Nach Auskunftslage des Auswärtigen Amtes steht seit 2012 die Diskriminierung auf Grund der sexuellen Orientierung unter Strafe. Die Situation von sexuellen Minderheiten wird allerdings als praktisch schwierig beschrieben. Die Angehörigen von Minderheiten seien häufig gezwungen, ihre sexuelle Identität und Orientierung zu verbergen. Darüber hinaus hat der Europäische Gerichtshof für Menschenrechte im Fall Identoba gegen Georgien am 12. Mai 2015 festgestellt, dass die Polizei demonstrierenden LGBTI-Aktivisten nicht ausreichend Schutz vor den Übergriffen nichtstaatlicher Stellen gewährt hat. Im vorliegenden Verfahren geht es zunächst um den Schutz der sexuellen Identität des Antragstellers, welcher von Art. 8 EMRK und dem Recht auf Privatsphäre grundsätzlich umfasst wird (Meyer-Ladewig, Europäische Menschenrechtskonvention, 4. Aufl. 2017, Art. 8, Rn. 26). Darüber hinaus kommt wegen des fehlenden Schutzes vor Übergriffen Privater auch ein Verstoß gegen das Verbot der erniedrigenden Behandlung in Betracht (Meyer-Ladewig, Europäische Menschenrechtskonvention, 4. Aufl. 2017, Art. 3, Rn. 9).
Mit Blick auf den konkreten Einzelfall und dabei namentlich auf die schwierige Versorgung von Rückkehrern, die sich üblicherweise auch auf Familienangehörige verlassen müssen, auf die Vorgeschichte des Antragstellers, der auch Übergriffe und Anfeindungen aus der Familie erdulden musste, und auf die nach außen durch Bartwuchs und die Vermännlichung ohne Weiteres erkennbare Transidentität erscheinen ernstliche Zweifel angebracht, ob eine Abschiebung in Übereinstimmung mit den Rechten aus der EMRK möglich erscheint. Das gilt insbesondere vor dem Hintergrund der aktuellen Entwicklungen, wie sie durch Amnesty International berichtet werden. Demnach konnten LGBTI-Aktivisten an einer politischen Diskussion zur Änderung der Verfassung, auf Grund fehlender Sicherheitszusage durch die staatlichen Stellen Georgiens nicht teilnehmen. Der Staat Georgien scheint daher weiterhin nicht fähig oder in der Lage zu sein – auch nach dem Identoba-Urteil – sexuelle Minderheiten effektiv vor erniedrigender Behandlung zu schützen (Art. 3 EMRK).

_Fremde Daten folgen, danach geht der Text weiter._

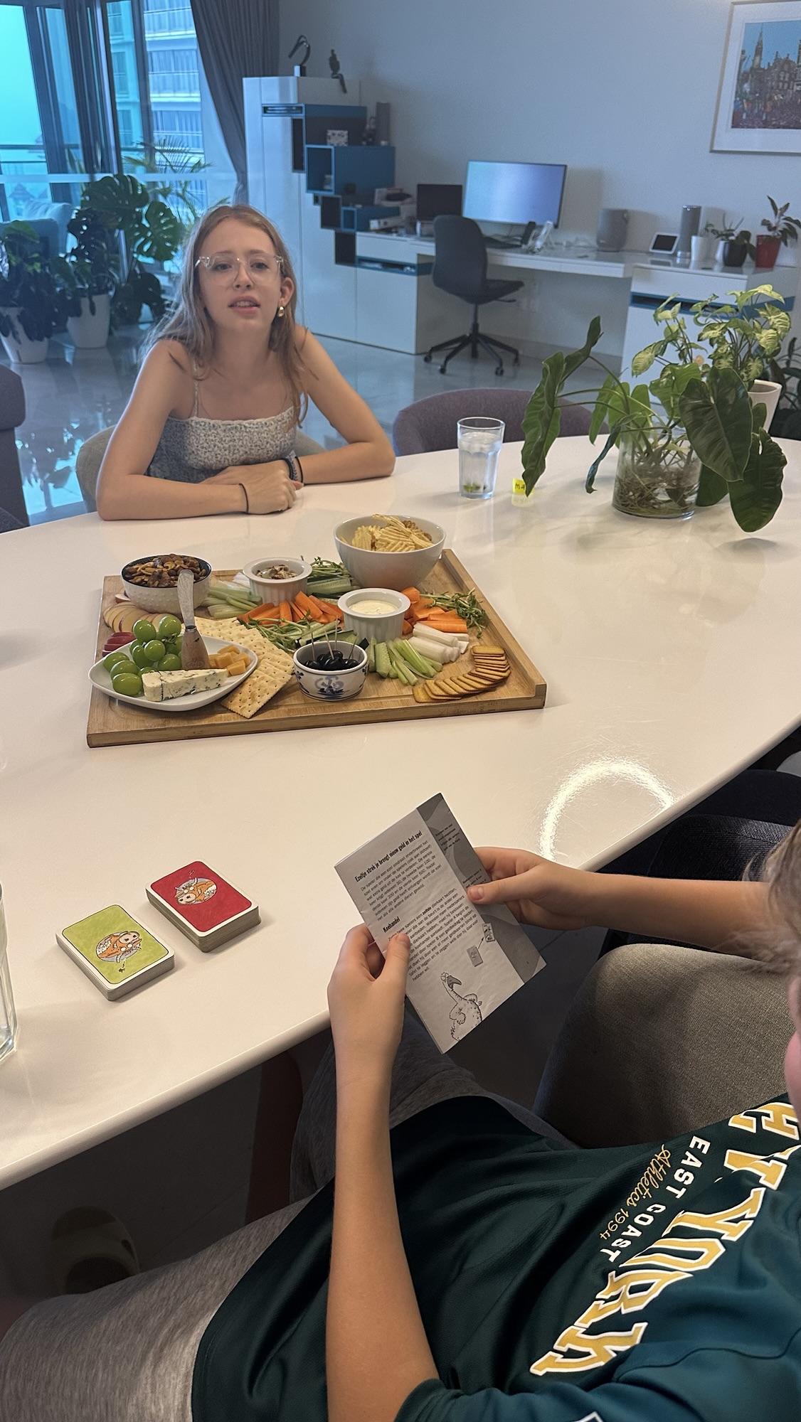 Olle is flink moe, dus we gaan vanavond niet uit, maar doen een potje koehandel met een borrelplankje afgetopt met wat shoarma en een soort kapsalon die we nog bestellen.

Bereits jetzt kann allerdings gesagt werden, dass an der Richtigkeit der Entscheidung zu Art. 60 Abs. 7 AufenthG keine ernstlichen Zweifel bestehen.
Damit war dem Antrag stattzugeben.
Die Kostenentscheidung ergibt sich aus § 83b AsylG, § 154 Abs. 1 VwGO.
Dieser Beschluss ist gemäß § 80 AsylG unanfechtbar.